Screening for viral hepatitis should be performed in accordance with clinical guidelines before starting therapy with baricitinib.2

  • Patients with evidence of active hepatitis B or C infection were excluded from clinical trials.

  • Patients, who were positive for hepatitis C antibody but negative for hepatitis C virus RNA, were allowed to participate.

  • Patients with hepatitis B surface antibody and hepatitis B core antibody, without hepatitis B surface antigen, were also allowed to participate; such patients should be monitored for expression of hepatitis B virus (HBV) DNA.

  • If HBV DNA is detected, a liver specialist should be consulted to determine if treatment interruption is warranted.2

Hepatic Transaminase Elevations

Dose dependent increases in blood alanine transaminase (ALT) and aspartate transaminase (AST) activity were reported in patients treated with baricitinib compared to placebo.

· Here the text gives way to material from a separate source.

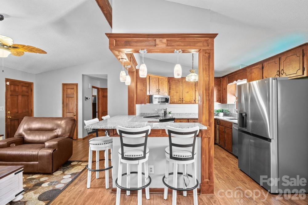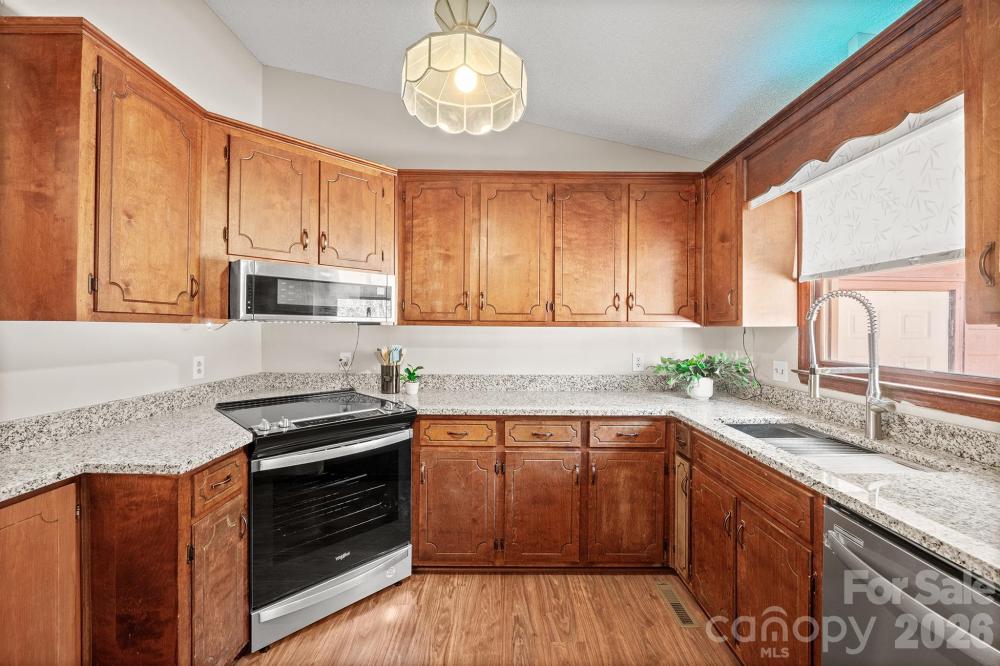 Welcome to this classic one story, 2 bedroom, 2 full bathroom single-family home with a bright, open layout designed for everyday living and entertaining. The spacious living room has great natural light, a statement fireplace, and a comfortable flow to the kitchen, with brand new stainless steel appliances, and ample counter space. This home has a generous sized, primary ensuite bedroom/bathroom for privacy. The additional bedroom is located next to the second full bathroom. These bedrooms and the laundry closet are tucked away in their own hallway area. Step outside to your luxury outdoor experience that includes a deck, paved layered spaces with a firepit area, perfect for entertaining or enjoying the wooded backyard. Also has an outdoor storage area! 2022 roof, 2021 HVAC, 2022 water heater. The crawl spaces has a dry pro system and sump pump. This inviting residence blends comfort with classic charm, offering a move-in-ready opportunity just minutes from Uptown, South End, and the booming West Charlotte redevelopment, in one of Charlotte’s fastest-growing communities. Quick access to Uptown Charlotte, I-77, and I-85. Close to the Stewart Creek Greenway, parks, breweries, and new retail. Situated in a neighborhood experiencing significant investment and revitalization. Whether you're a first-time buyer, investor, or anyone seeking a well-located home near the heart of Charlotte, 2114 Wilson Ave delivers value, convenience.

Increases in ALT and AST to ≥ 5 and ≥ 10 x upper limit of normal (ULN) were reported in less than 1 % of patients in clinical trials. In rheumatoid arthritis clinical studies in treatment-naïve patients, combination with methotrexate resulted in increased frequency of hepatic transaminase elevations compared with baricitinib monotherapy.2

If increases in ALT or AST are observed during routine patient management and drug-induced liver injury is suspected, baricitinib should be temporarily interrupted until this diagnosis is excluded.2

Further information on these topics are available in section 4.8 of the Olumiant Summary of Product Characteristics.

References

1. Data on file, Eli Lilly and Company and/or one of its subsidiaries.

2. Olumiant [summary of product characteristics]. Eli Lilly Nederland B.V., The Netherlands.

Glossary

AD = atopic dermatitis

ALT = alanine aminotransferase

AST = aspartate aminotransferase

BARI = baricitinib

DNA = deoxyribonucleic acid

HBcAB = hepatitis B core antibody

HBsAB = hepatitis B surface antibody

HBsAG = hepatitis B surface antigen

HBV = hepatitis B virus

HCV = hepatitis C virus

Ig = immunoglobulin

RNA = ribonucleic acid

ULN = upper limit of normal

This medicinal product is subject to additional monitoring. This will allow quick identification of new safety information. Healthcare professionals are asked to report any suspected adverse reactions.